A car starts from rest and accelerates at a rate of 5.75 m/s/s for a time (t1) of 6.76 seconds. The car then maintains a constant speed for a time of 7.32 seconds (t2 minus t1). Finally, the car slows down at a rate of -4.21 m/s/s.
for each segment of the trip,
s = vt + 1/2 at^2
so plug in your numbers.
Determine the total distance traveled by the car from its starting position to its stopping position.
Huh. I can see I need to get you started.
so, for the first part of the trip,
s = 0 + 5.75/2 * 6.76^2 = 131.38 m
Now do the 2nd part and the 3rd part, and add them up.
I got the second part, 131.38 and 284.53. How do I get the time for the 3rd part?
To find the total distance traveled by the car, we need to break down the problem into three parts: the initial acceleration, the constant speed, and the final deceleration.
1. Initial Acceleration:
The car starts from rest and accelerates at a rate of 5.75 m/s/s for a time of 6.76 seconds (t1). To find the distance covered during this period, we can use the kinematic equation:
Distance = (Initial velocity * time) + (0.5 * acceleration * time^2)
Since the car starts from rest (initial velocity = 0), the equation simplifies to:
Distance1 = 0.5 * acceleration * time^2
Substituting the given values:
Distance1 = 0.5 * 5.75 m/s^2 * (6.76 s)^2
Distance1 ≈ 117.48 meters
2. Constant Speed:
The car maintains a constant speed for a time of 7.32 seconds (t2 minus t1). When the speed is constant, acceleration is zero. Therefore, there is no distance traveled during this period.
Distance2 = 0 meters
3. Final Deceleration:
The car slows down at a rate of -4.21 m/s/s. Since the acceleration is negative, the final deceleration is considered a negative acceleration. We can use the same kinematic equation as before to find the distance covered during this period:
Distance3 = (Initial velocity * time) + (0.5 * acceleration * time^2)

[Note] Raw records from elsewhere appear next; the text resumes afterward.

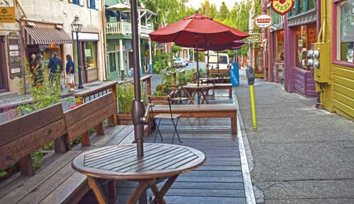 It's not all roses, however. Whether or not the boardwalk should stay has become a great source of contention among the local population. The location of the boardwalk was chosen because it was considered a "troubled spot." Merchants there had struggled because the area was unattractive or even scary to locals and tourists. For some groups of young adults the spot was a hangout. As there was no place to sit, they would frequently sit right on the sidewalk, blocking the way with their legs, backpacks or their dogs. It was intimidating. Inspired by San Francisco's Pavement to Parks program, the boardwalk on Commercial Street was championed by the Nevada City Sustainability Team with the support of community volunteers, businesses, the city and its staff. Today it is the venue for live music every Thursday afternoon. It's a place where people meet to have a cup of coffee or a slice of pizza, then walk around town. A group of teens meets there to knit. The young adults who used to hang out on the sidewalk are also there. Some feel the boardwalk encourages these young people to gather there, and that it should go. Might one take a different stance? The sidewalk is no longer congested, and there is beauty instead of parked cars. There is space for everyone.
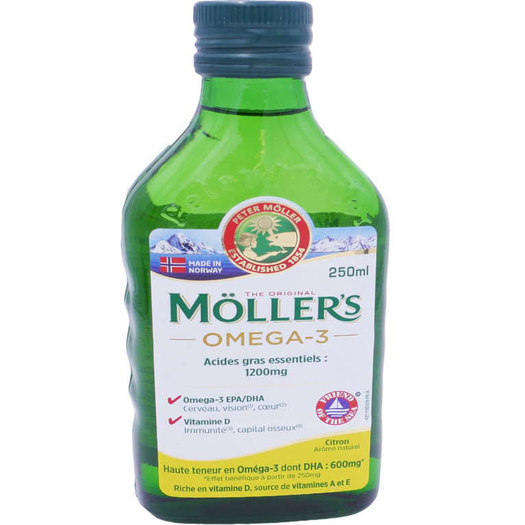 La marque Möller’s propose des complémentss alimentaires à base d’oméga 3 de haute qualité issu de l’huile de foie de morue principalement pour le bien-être de toute la famille au quotidien. OMEGA 3 est un complément alimentaire conditionné sous forme de solution buvale au citron, composé d’huiles de poissons sauvages naturellement riches en acides gras essentiels omégas 3. Cette huile concentrée en acide Eicosapentaénoïque (EPA) et acide Docosahexaénoïque (DHA), participe au fonctionnement normal du cœur mais également du cerveau et de la vision. Les vitamines A et D renforcent la formule pour assurer le maintien d'une ossature normale et participer au fonctionnement normal du système immunitaire.
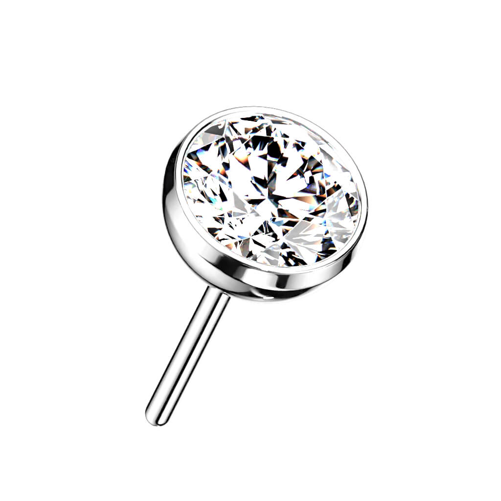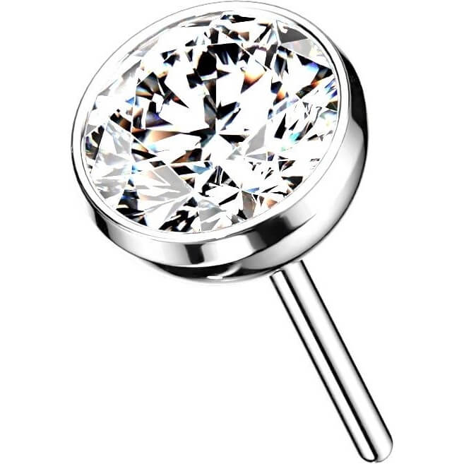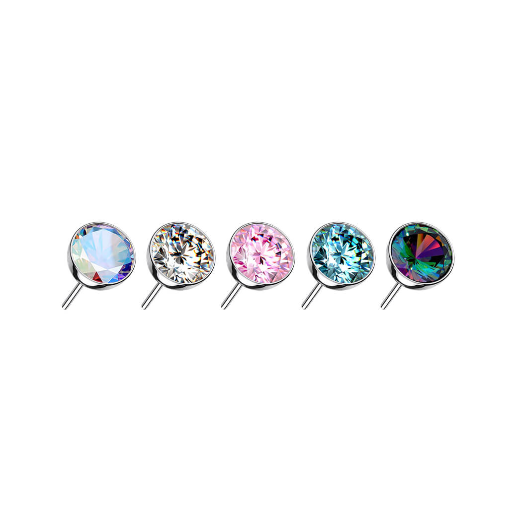 Co czyni tę końcówkę wyjątkową, to przepiękny, okrągły kamień cyrkoniowy, dostępny w szerokiej gamie kolorów - od klasycznej przezroczystości, przez delikatny róż, aż po hipnotyzujące barwy tęczy. Dostępna jest również w różnych kolorach wykończenia, takich jak różowe złoto, srebro, złoto i elegancka czerń, co pozwala na pełną personalizację Twojego looku.
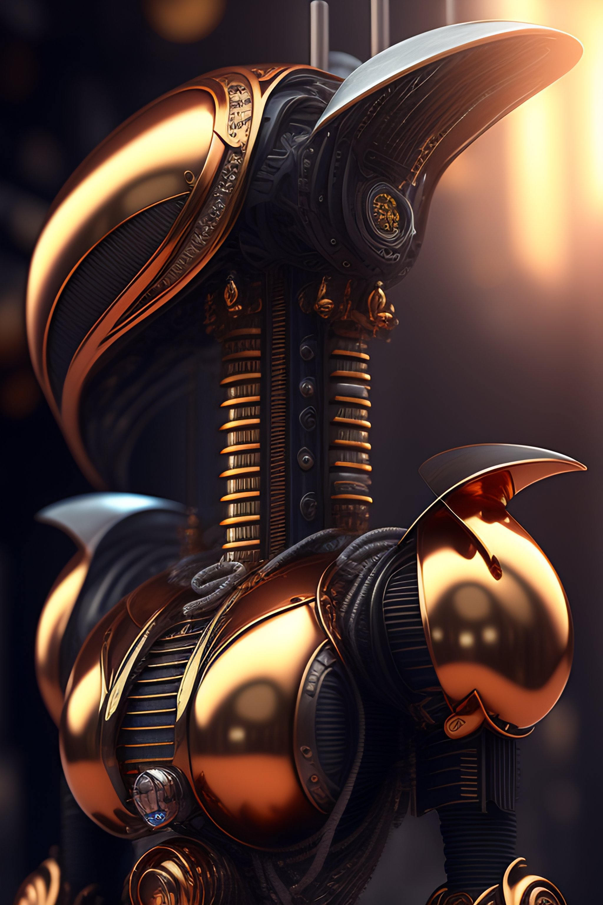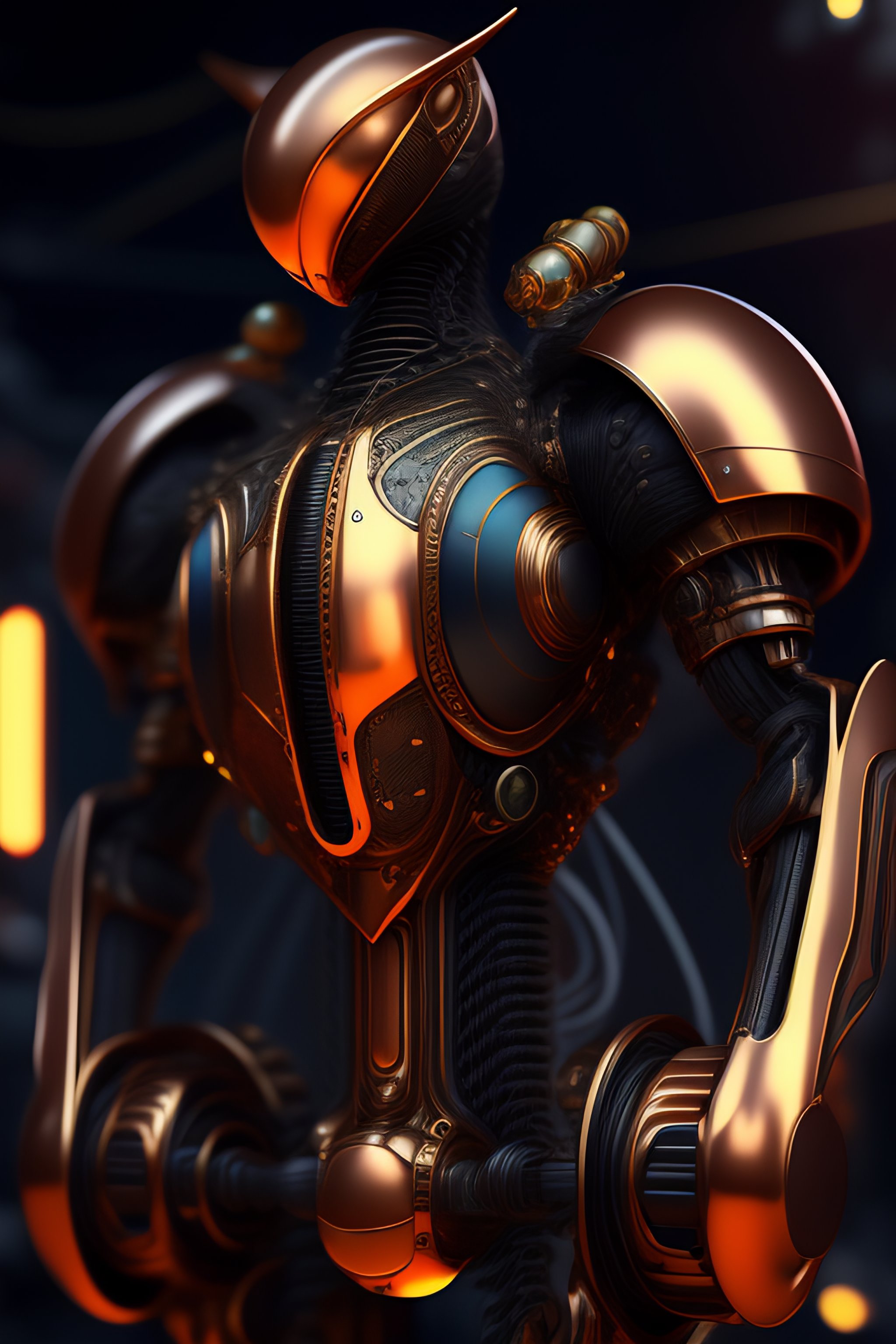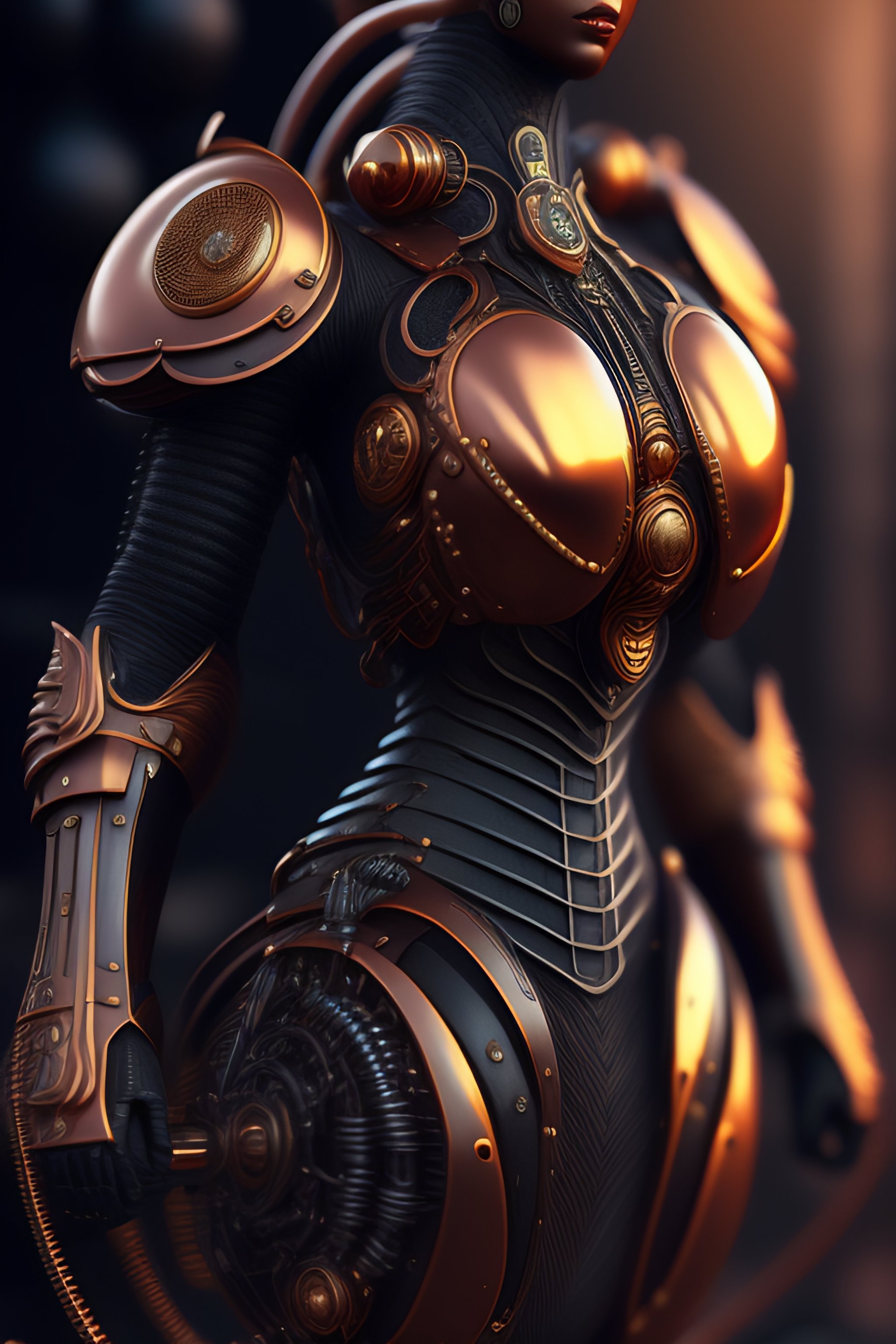 Alien biomechanic, upper body cinematic style digital art render with mechanical and futuristic details copper steampunk science laboratory
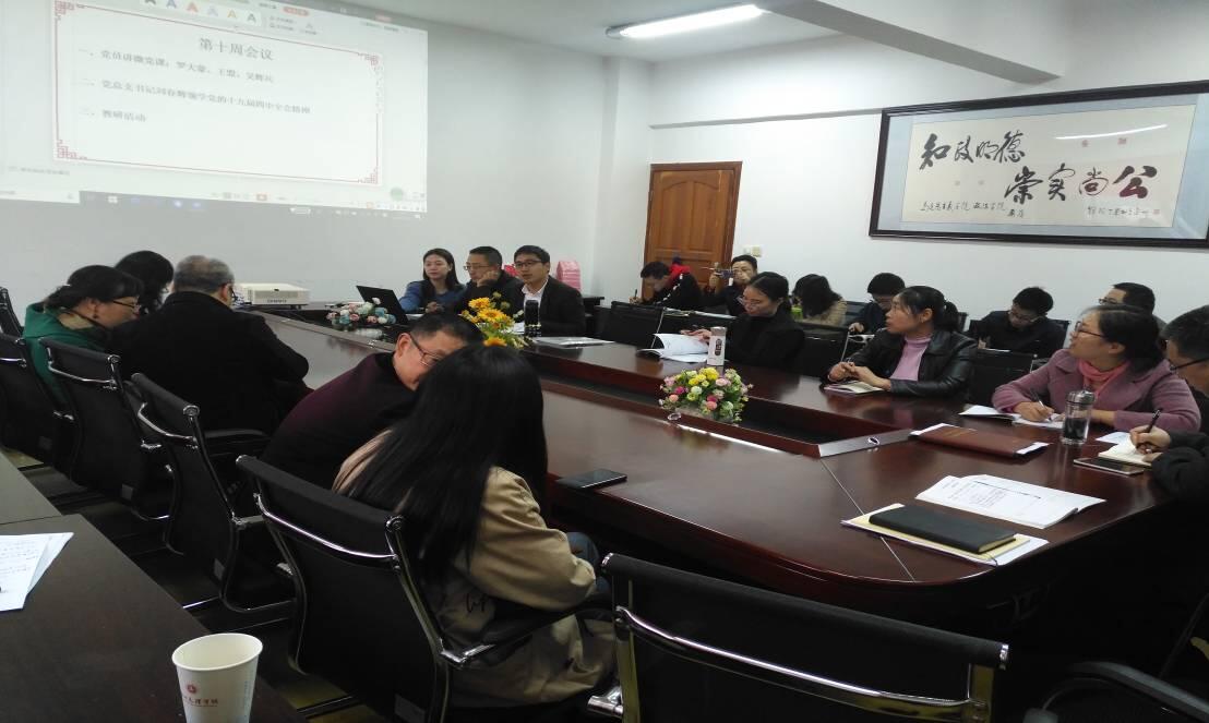为及时传达全会精神,11月6日下午,网投十大信誉可靠平台党总支书记刘春辉主持召开十九届四中全会精神专题学习会。网投十大信誉可靠平台全体教师参加会议。
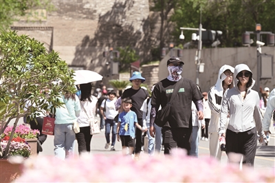 5月京城,半城绿树,半城花。5月13日12时20分,南郊观象台气温升至30.1℃,这是今年北京首次冲上30℃,初夏感瞬间拉满。图为在晴晒天气下的八达岭长城景区,游人“全副武装”防晒出行。
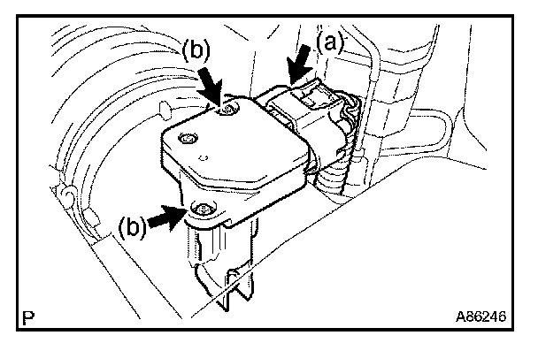 b. Remove the 2 screws, then remove the mass air flow meter.
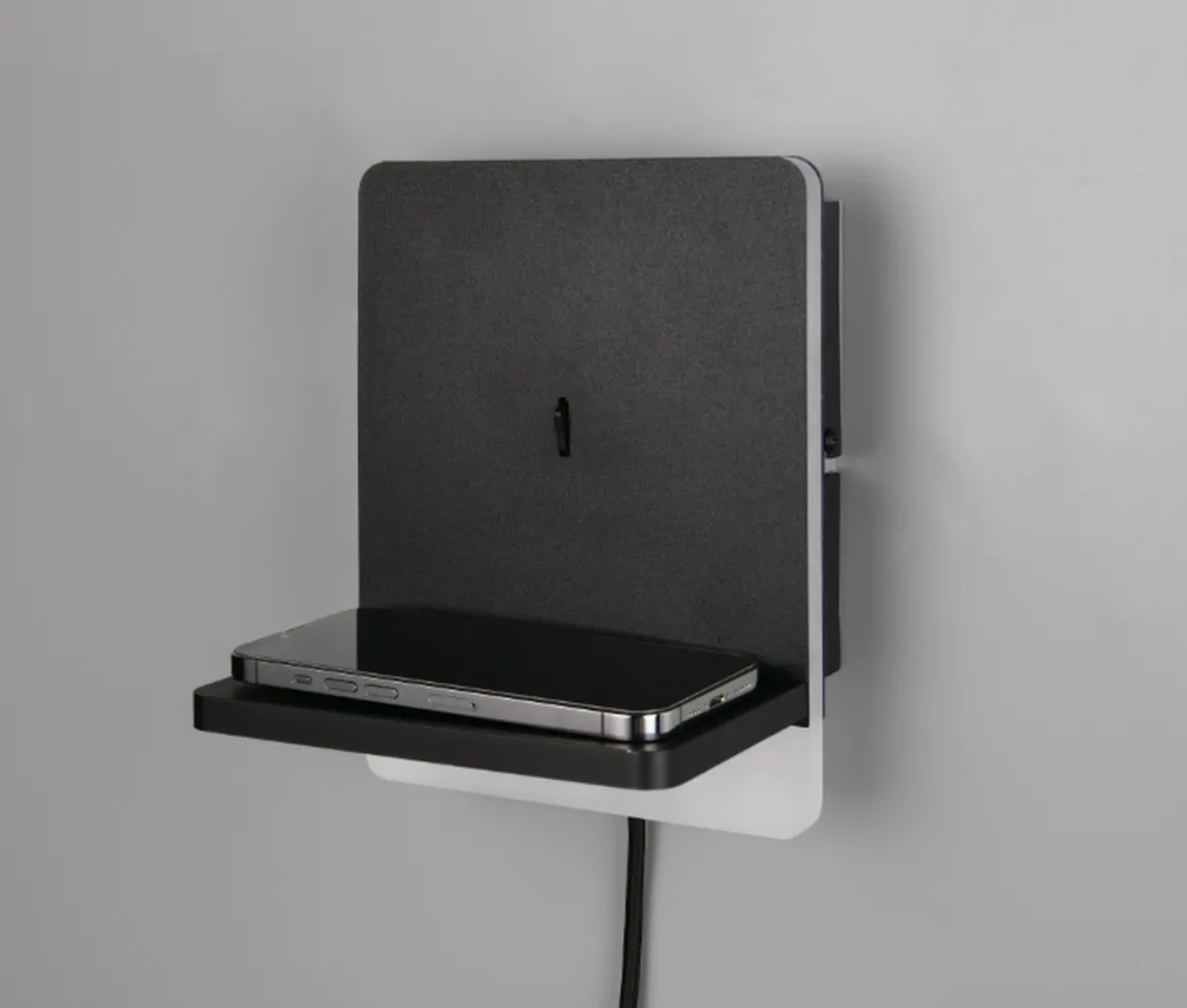 FAIRFIELD vegglampe – for en koselig stil rundt sengen! Dens enkle design og indirekte lys bidrar til avslapning på soverommet og gir koselig lysstyrke, perfekt for avslappende timer med lesing om kvelden. Med sin integrerte induktive ladestasjon muliggjør lyset enkel lading av kompatible smarttelefoner. Alternativt tilbyr den en USB- og USB-C-tilkobling med lademulighet. Takket være FLEXconnect-funksjonen er vegglampen ekstremt allsidig – den kan betjenes både via en bryter og uten kabel via den faste tilkoblingen. I dette tilfellet skjer driften via en vanlig veggbryter. Den integrerte SWITCH-dimmeren gjør det mulig å justere FAIRFIELD til tre lysstyrkenivåer (100 %, 50 % og 25 %) og tilpasse den til dine behov. Den enkle designen i matt sort sørger for at lyset lett smelter inn i ethvert interiør. Armaturen har også moderne LED-teknologi, som kjennetegnes av høy lyskvalitet og energieffektivitet

Since the initial velocity at the end of the constant speed period is the same as the final velocity of the previous period, we can use the formula:
Distance3 = (0 * t) + (0.5 * acceleration * t^2)
Substituting the given values:
Distance3 = 0.5 * (-4.21 m/s^2) * (t)^2
To find the value of 't', we need to subtract the total time of the previous periods (t1 + t2) from the total time given (t1 + t2 + t3):
t = t3 = (t1 + t2 + t3) - (t1 + t2) = t3 - t2
Substituting the values:
t ≈ 7.32 s - 6.76 s
t ≈ 0.56 s
Now substituting 't' back into the distance equation:
Distance3 = 0.5 * (-4.21 m/s^2) * (0.56 s)^2
Distance3 ≈ -0.83 meters (negative sign indicates deceleration)
Total distance traveled = Distance1 + Distance2 + Distance3
Total distance traveled ≈ 117.48 m + 0 m - 0.83 m
Total distance traveled ≈ 116.65 meters
Therefore, the car covers a total distance of approximately 116.65 meters.